WHAT NEEDS TO BE DONE:
The line containing "C:跨组练习:知己知彼 D:心平气和之道 E:学会情绪管理" marks the end: extract everything from the first line of the data through that line, exactly, with no pictures.
════
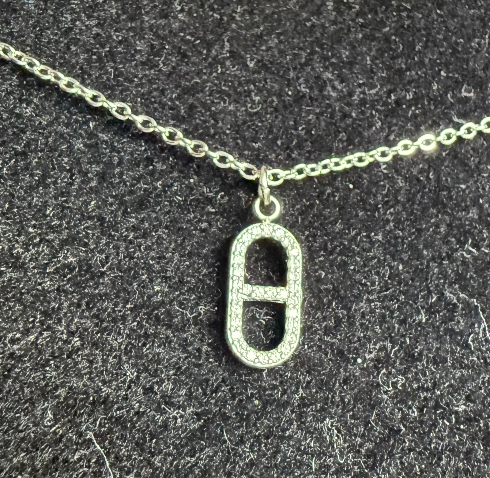 Son pendentif en maille argentée, serti de petites pierres brillantes à l’intérieur, capte subtilement la lumière pour un éclat raffiné et délicat, parfait pour sublimer votre décolleté.
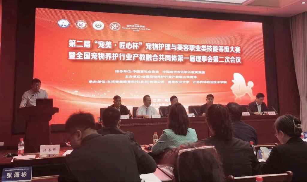 为培养高素质技术技能型人才,实现行企校共同育人,在中国畜牧业协会和中国现代农业职教集团的指导下,由名将宠美教育科技(北京)有限公司、江苏农林职业技术学院和南京农业大学共同发起全国宠物养护行业产教融合共同体。10月12日,第二届“宠美·匠心杯”宠物护理与美容职业类技能等级大赛暨全国宠物养护行业产教融合共同体第一届理事会第二次会议在江苏农林职业技术学院召开,动物科学学院教师龚旺参加会议。
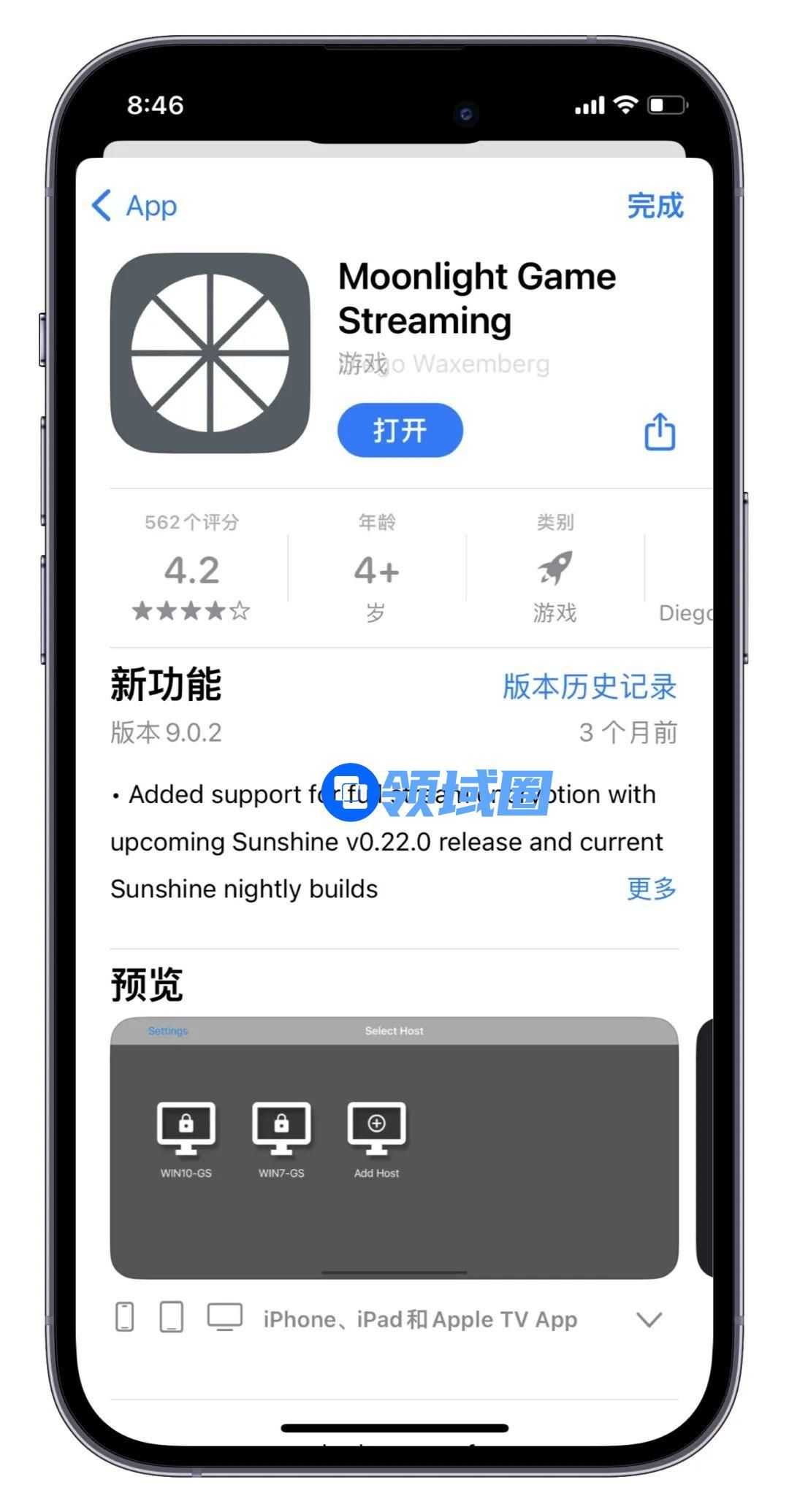 1、首先下载Moonlight Game Streaming:这个是我们需要在iOS上面安装的应用,它可以将Windows电脑画面传输到其他操作系统的客户端软件上,最高支持4K,支持键盘鼠标、手柄、触摸屏、触控笔,无广告,完全免费。通过Moonlight我们可以实现在手机上运行主机、 远程同屏追剧、单机双人游戏,更不用说植物大战僵尸了,英雄联盟、永劫无间、剑侠情缘也能玩。
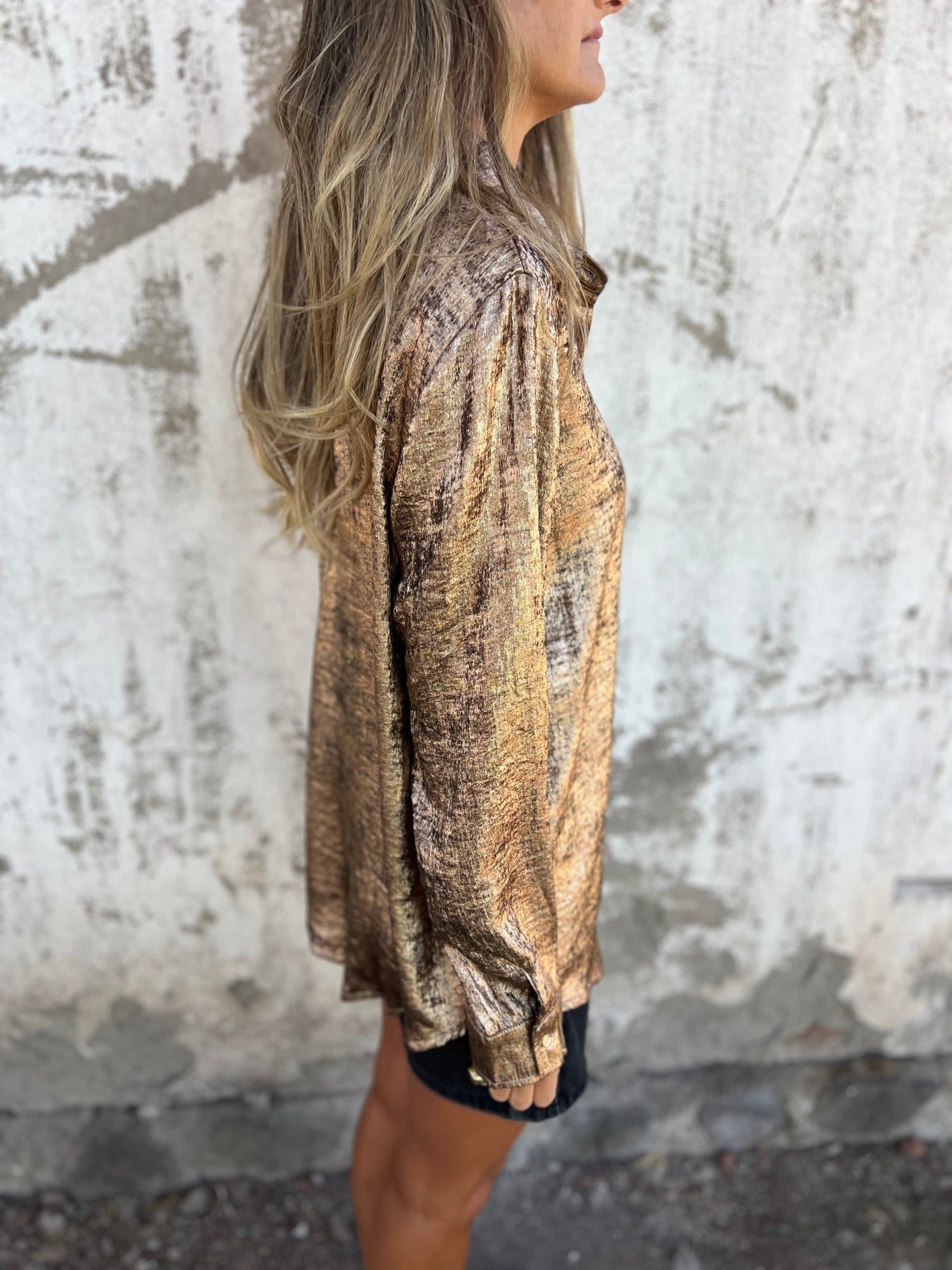 Diese Bluse begeistert mit ihrem glänzenden Finish und einer strukturierten Oberfläche, die jedes Outfit sofort aufwertet. Der klassische Hemdblusenkragen und die durchgehende Knopfleiste sorgen für eine stilvolle Basis, während die Brusttasche und der lässige Schnitt den modernen Charakter unterstreichen. Ob offen über einem Top oder geschlossen getragen – diese Bluse bringt Glamour in den Alltag.
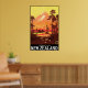 Vintage travel poster reproduction of Mt Egmont New Zealand. Mountain landscape with trees in foreground on a retro style. A restored reproduction & great wall art.
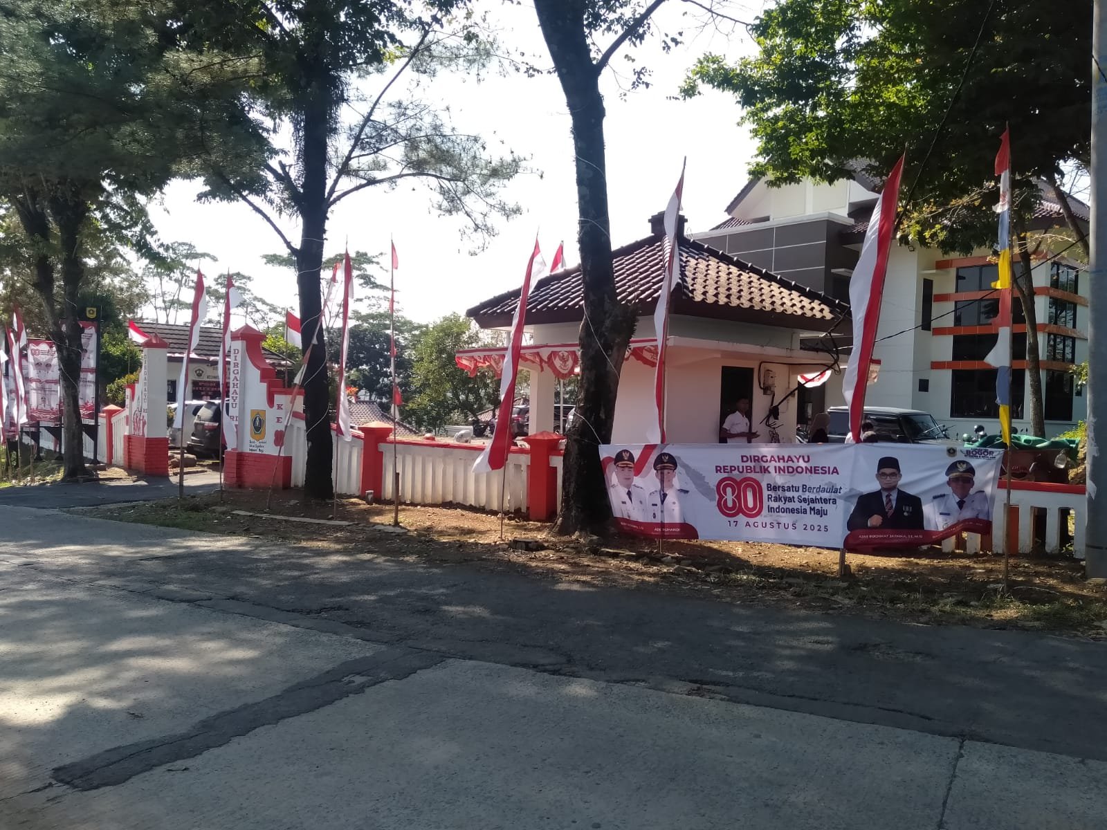 Gambar: Suasana halaman kantor pemerintahan di Kecamatan Sukamakmur, Kabupaten Bogor, yang dihiasi bendera dan umbul-umbul merah putih dalam rangka peringatan HUT ke-80 Kemerdekaan Republik Indonesia.
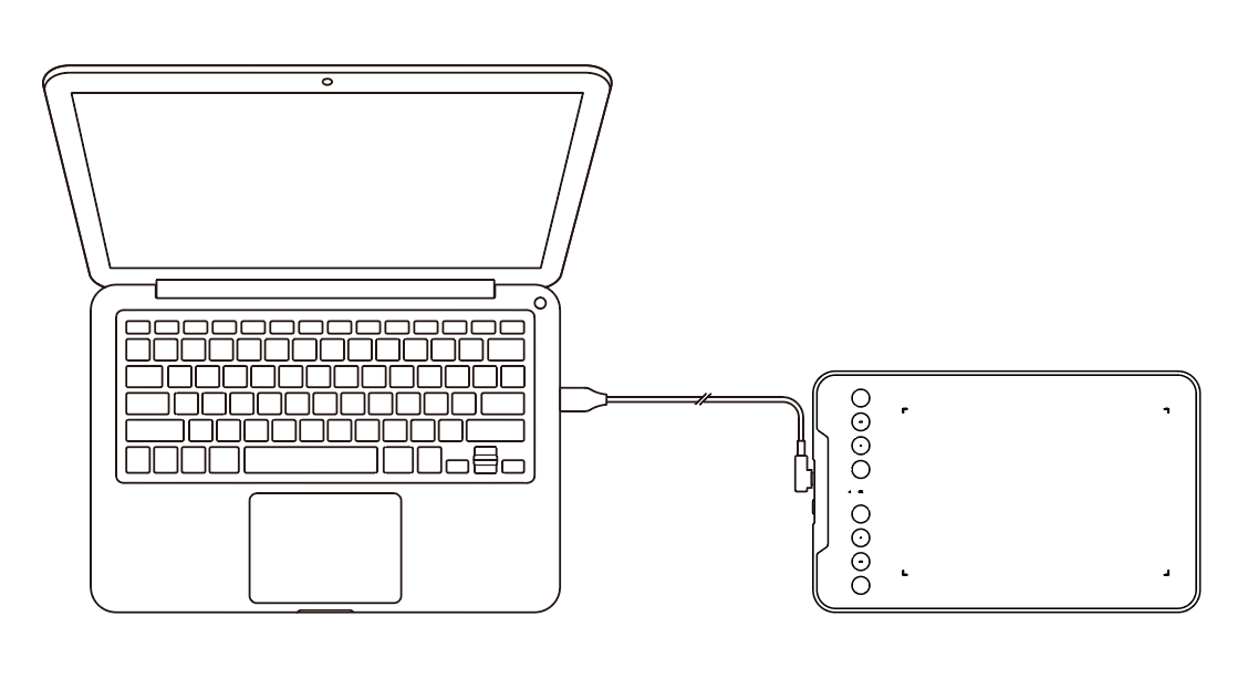 请将USB-A to USB-C连接线,分别连接至电脑端的USB接口和手绘板端的USB-C接口。
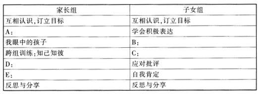 解析 1.亲子沟通平行小组是亲子教育的一种新形式,它可以定义为两个分开但同时进行的小组,通过联合活动,如实践练习、互相配合的小组内容和进度、联组活动等,从而改善亲子关系。 亲子沟通平行小组的优点: (1)父母参与的中介角色对子女学习各种技巧有很大的帮助。由于父母清楚地了解小组的内容,在子女学习上他们可以发挥提醒和鼓励作用,并协助子女在家完成实践练习。 (2)由于双方都参加亲子教育服务活动,从中会让子女感受到父母也愿意努力学习改善关系,而彼此在服务活动过程中的改变和进步都会成为对对方的鼓励,从而增强双方处理冲突和解决问题的信心。 2.亲子沟通平行小组内容的选择和设计: 在小组活动正式开始之前,首先应该对服务对象(家长和子女)的需要和问题做一个了解和评估,家长组方面是需要增强聆听能力,情绪管理能力;子女组重点是训练他们增强表达能力,提升自我价值。 A:学会认真聆听 B:我眼中的父母 C:跨组练习:知己知彼 D:心平气和之道 E:学会情绪管理
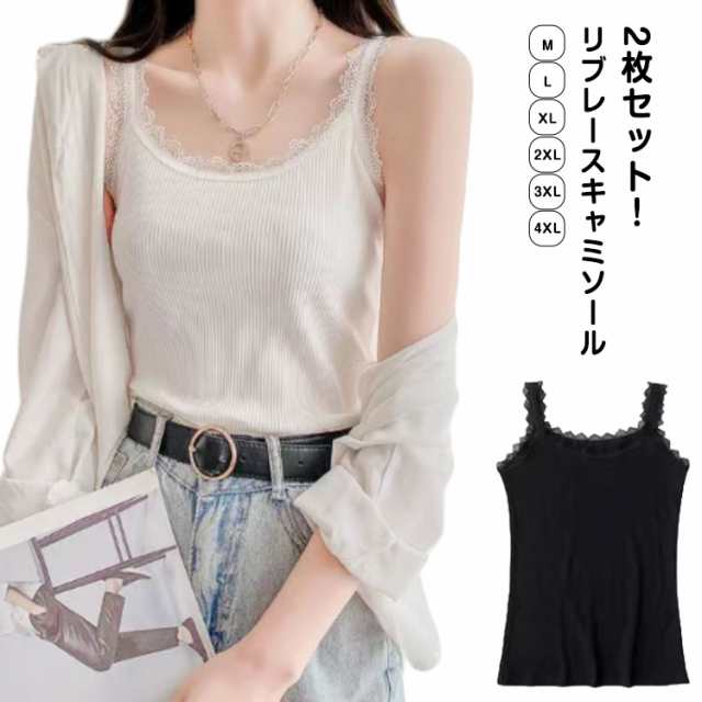 レース キャミソール インナー 肌着 リブ 薄い 綿 レディース レイヤード 下着 シンプル チラ見せ 無地 重ね着 トップス 大きいサイズ タンクトップ 女性 2枚セット オールシーズン
════
FINISHED EXERCISE:
 Son pendentif en maille argentée, serti de petites pierres brillantes à l’intérieur, capte subtilement la lumière pour un éclat raffiné et délicat, parfait pour sublimer votre décolleté.
 为培养高素质技术技能型人才,实现行企校共同育人,在中国畜牧业协会和中国现代农业职教集团的指导下,由名将宠美教育科技(北京)有限公司、江苏农林职业技术学院和南京农业大学共同发起全国宠物养护行业产教融合共同体。10月12日,第二届“宠美·匠心杯”宠物护理与美容职业类技能等级大赛暨全国宠物养护行业产教融合共同体第一届理事会第二次会议在江苏农林职业技术学院召开,动物科学学院教师龚旺参加会议。
 1、首先下载Moonlight Game Streaming:这个是我们需要在iOS上面安装的应用,它可以将Windows电脑画面传输到其他操作系统的客户端软件上,最高支持4K,支持键盘鼠标、手柄、触摸屏、触控笔,无广告,完全免费。通过Moonlight我们可以实现在手机上运行主机、 远程同屏追剧、单机双人游戏,更不用说植物大战僵尸了,英雄联盟、永劫无间、剑侠情缘也能玩。
 Diese Bluse begeistert mit ihrem glänzenden Finish und einer strukturierten Oberfläche, die jedes Outfit sofort aufwertet. Der klassische Hemdblusenkragen und die durchgehende Knopfleiste sorgen für eine stilvolle Basis, während die Brusttasche und der lässige Schnitt den modernen Charakter unterstreichen. Ob offen über einem Top oder geschlossen getragen – diese Bluse bringt Glamour in den Alltag.
 Vintage travel poster reproduction of Mt Egmont New Zealand. Mountain landscape with trees in foreground on a retro style. A restored reproduction & great wall art.
 Gambar: Suasana halaman kantor pemerintahan di Kecamatan Sukamakmur, Kabupaten Bogor, yang dihiasi bendera dan umbul-umbul merah putih dalam rangka peringatan HUT ke-80 Kemerdekaan Republik Indonesia.
 请将USB-A to USB-C连接线,分别连接至电脑端的USB接口和手绘板端的USB-C接口。
 解析 1.亲子沟通平行小组是亲子教育的一种新形式,它可以定义为两个分开但同时进行的小组,通过联合活动,如实践练习、互相配合的小组内容和进度、联组活动等,从而改善亲子关系。 亲子沟通平行小组的优点: (1)父母参与的中介角色对子女学习各种技巧有很大的帮助。由于父母清楚地了解小组的内容,在子女学习上他们可以发挥提醒和鼓励作用,并协助子女在家完成实践练习。 (2)由于双方都参加亲子教育服务活动,从中会让子女感受到父母也愿意努力学习改善关系,而彼此在服务活动过程中的改变和进步都会成为对对方的鼓励,从而增强双方处理冲突和解决问题的信心。 2.亲子沟通平行小组内容的选择和设计: 在小组活动正式开始之前,首先应该对服务对象(家长和子女)的需要和问题做一个了解和评估,家长组方面是需要增强聆听能力,情绪管理能力;子女组重点是训练他们增强表达能力,提升自我价值。 A:学会认真聆听 B:我眼中的父母 C:跨组练习:知己知彼 D:心平气和之道 E:学会情绪管理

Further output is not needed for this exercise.